Falling Silver Clouds
Jonathan Monk
MASSIMODECARLO Pièce Unique is delighted to present Falling Silver Clouds, by Jonathan Monk.
A highly polished, visibly crumpled rectangular silver balloon lulls afloat, mid-air, gracing the gallery’s empty space. It appears to be on its way down to the floor as the helium gradually escapes its ethereal envelope.
But its lithe form is just an illusion: fixed onto the wall, Monk’s Silver Cloud is in fact a high density polyurethan foam reproduction of Andy Warhol’s iconic Mylar balloons that floated around his studio space, The Factory, in 1960’s New York City.
Covered in aluminum from floor to ceiling, The Factory was the beating heart of New York’s creative scene, where everyone from the Velvet Underground to Edie Sedgwick converged around Andy Warhol’s magnetic persona to witness his next groundbreaking art trick.

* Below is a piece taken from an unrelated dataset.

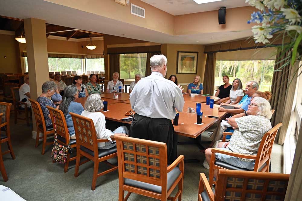 Today, two of the parents, Tray and Watts, were in Palm Coast as the guests of the weekly meeting of the Atlantic Chapter of Americans United for the Separation of Church and State, a non-profit Chaired by Rabbi Merrill Shapiro. The parents’ appearance drew some 20 people to the Pine Lakes Golf Club venue where the group usually meets every Wednesday, usually in smaller numbers.

For those familiar with Jonathan Monk, this is the newest example in his treatment of his cornerstone idea of “impossible originality”. Speaking in 2009, Monk said:
Appropriation is something I have used or worked with in my art since starting art school in 1987. At this time (and still now) I realized that being original was almost impossible, so I tried using what was already available as source material for my own work.
Building on preexisting ideas, Monk thus offers his own - paradoxically original - version of past artworks. Warhol himself was the purveyor of art’s infinite reproduction potential. Tackling the notions of “original” vs “copy” head on, they make these very notions superfluous.
Perhaps in an ultimate play on his own work method, Falling Silver Clouds also hints back to Monk’s very own 2009 Deflated Sculpture, a series of 5 similarly polished stainless steel sculptures representing Jeff Koons’ iconic balloon rabbit in various stages of collapse.
As if freezing them in time in the midst of their own undoing – somehow even reminiscent of Pompei’s petrified figures, Monk anchors the balloons’ ephemeral quality into our present, solidifying them to project them into the future.